### Action item:
Reproduce the data below in full and to the letter, images excepted.

### Records provided:

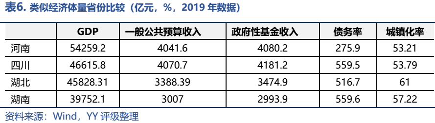 相比類似或稍弱經(jīng)濟(jì)體量的省份,四川、湖北、湖南的債務(wù)率均超過(guò)了500%,而河南的債務(wù)率不到300%,留有較多撬動(dòng)杠桿的空間。
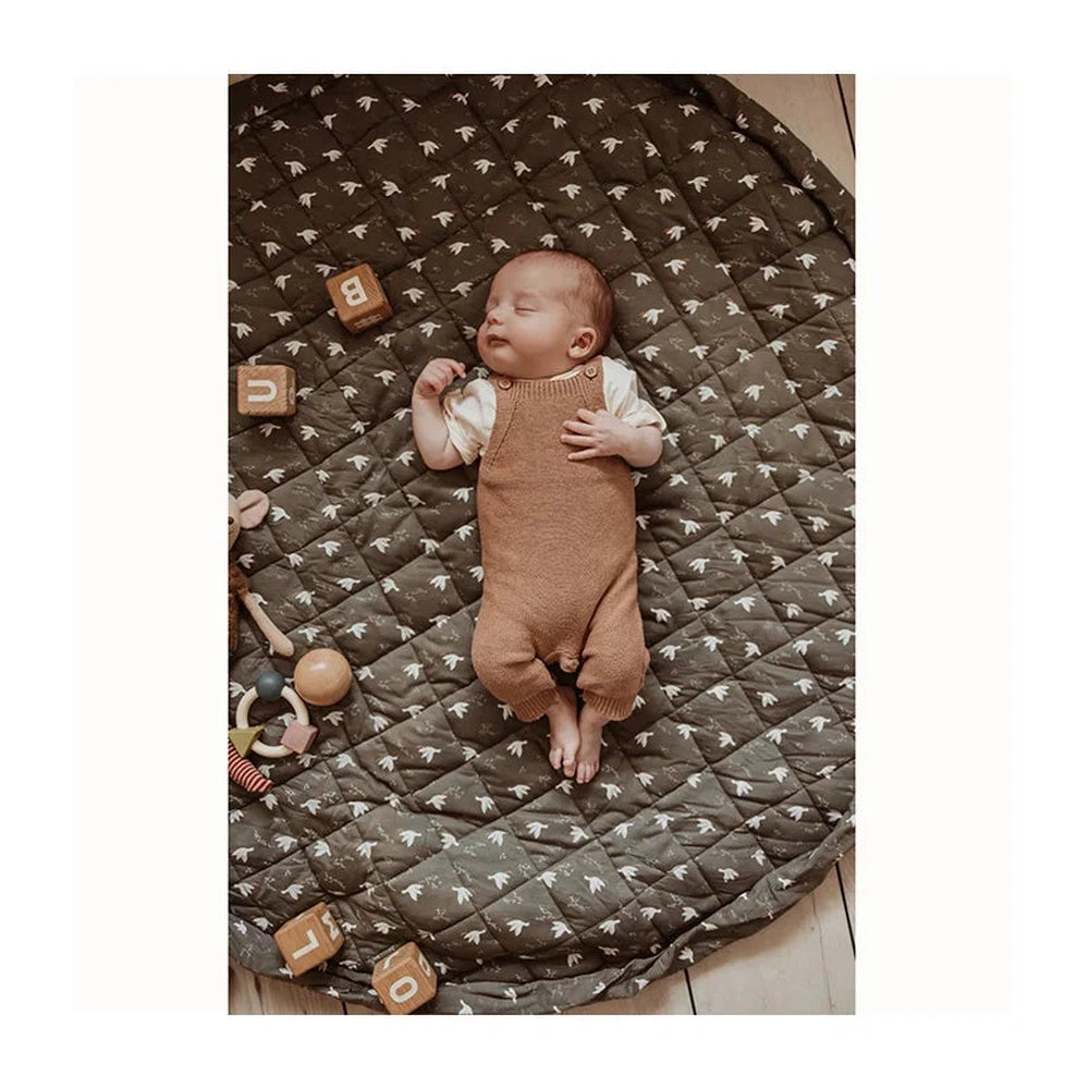 Un tapis de jeu pour bébé unique et rembourré qui sert également de sac de rangement et de sac à langer. 120 cm de diamètre et fabriqué en coton biologique GOTS pour offrir un maximum de plaisir et de confort au bébé. Ce tapis de jeu et sac à langer est si pratique et fonctionnel pour un usage quotidien.
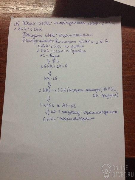 ∠HGK =∠ GKL (они накрест лежащие углы: прямые HG и LK ,GK_ секущая)
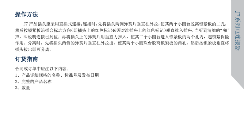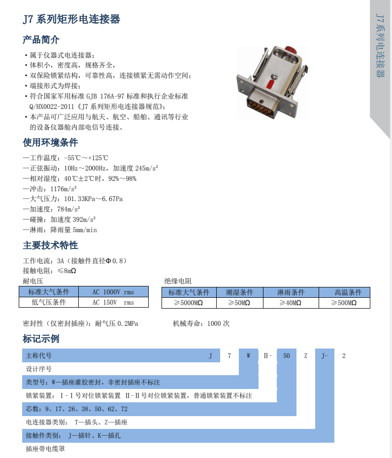 J7矩形电连接器体积小,密度高,双保险锁紧结构,端接形式无需太大的空间,广泛用于航空航天,通讯等行业的设备仪器舱内部的电信号连接。
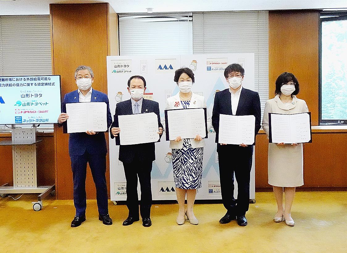 【山形】山形県トヨタ会は、山形県(吉村美栄子知事)と「災害時の避難所における外部給電可能な車両からの電力供給の協力に関する協定」を締結した。今回の災害時協力協定は、山形県内で災害が発生した場合に、避難所へトヨタ会4社が所有するプラグインハ...
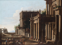 "Palacios jónicos con una escultura ecuestre sobre un pedestal", c. 1670-1680
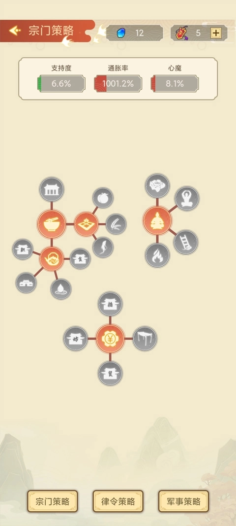 4、启动游戏后,你需通过推行各类政策来赢得支持、扩展领地,指挥精锐门派弟子抵御敌军,运用灵活多变的策略将敌人逐出这片区域。
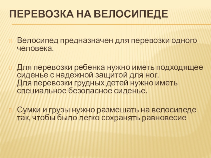 Сумки и грузы нужно размещать на велосипеде так, чтобы было легко сохранять равновесие
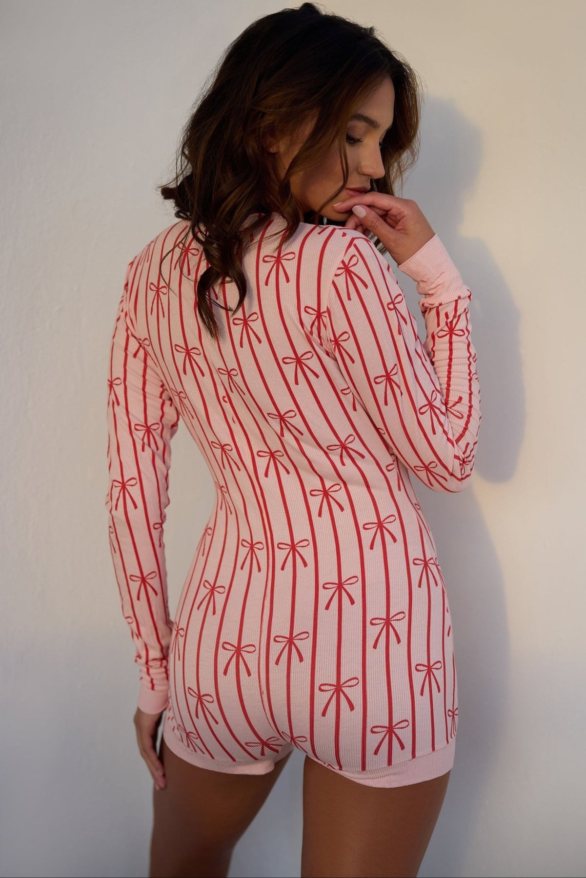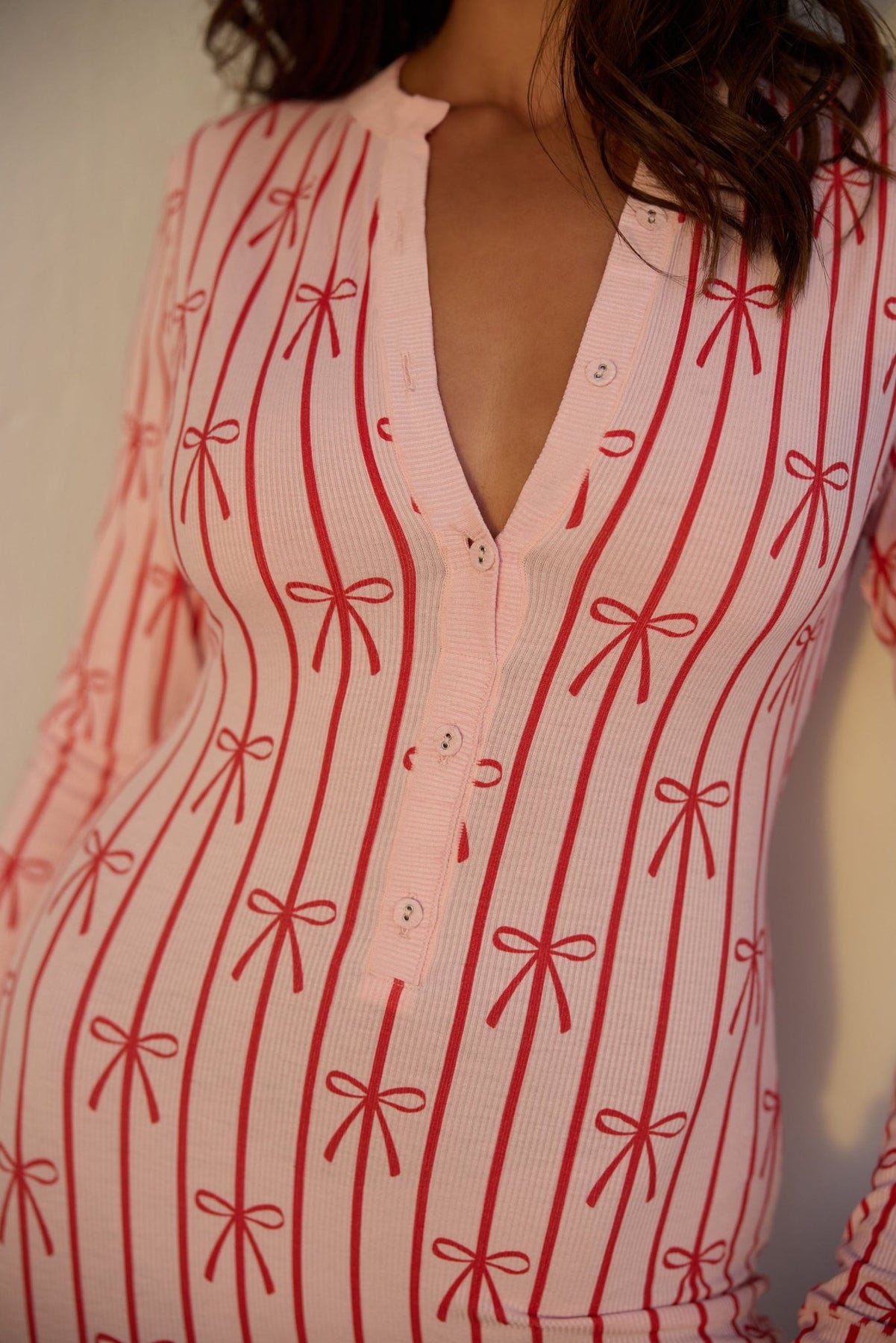 Your newest obsession is this Juno pajama romper, our favorite way to feel cute at home! This flirty red bow stripe print on a light pink ribbed fabric is so soft and comfy, you won't want to take it off. Juno is made to fit like a second skin, with buttons for adjusting your desired coverage level.

### Answer box:
 相比類似或稍弱經(jīng)濟(jì)體量的省份,四川、湖北、湖南的債務(wù)率均超過(guò)了500%,而河南的債務(wù)率不到300%,留有較多撬動(dòng)杠桿的空間。
 Un tapis de jeu pour bébé unique et rembourré qui sert également de sac de rangement et de sac à langer. 120 cm de diamètre et fabriqué en coton biologique GOTS pour offrir un maximum de plaisir et de confort au bébé. Ce tapis de jeu et sac à langer est si pratique et fonctionnel pour un usage quotidien.
 ∠HGK =∠ GKL (они накрест лежащие углы: прямые HG и LK ,GK_ секущая)
 J7矩形电连接器体积小,密度高,双保险锁紧结构,端接形式无需太大的空间,广泛用于航空航天,通讯等行业的设备仪器舱内部的电信号连接。
 【山形】山形県トヨタ会は、山形県(吉村美栄子知事)と「災害時の避難所における外部給電可能な車両からの電力供給の協力に関する協定」を締結した。今回の災害時協力協定は、山形県内で災害が発生した場合に、避難所へトヨタ会4社が所有するプラグインハ...
 "Palacios jónicos con una escultura ecuestre sobre un pedestal", c. 1670-1680
 4、启动游戏后,你需通过推行各类政策来赢得支持、扩展领地,指挥精锐门派弟子抵御敌军,运用灵活多变的策略将敌人逐出这片区域。
 Сумки и грузы нужно размещать на велосипеде так, чтобы было легко сохранять равновесие
 Your newest obsession is this Juno pajama romper, our favorite way to feel cute at home! This flirty red bow stripe print on a light pink ribbed fabric is so soft and comfy, you won't want to take it off. Juno is made to fit like a second skin, with buttons for adjusting your desired coverage level.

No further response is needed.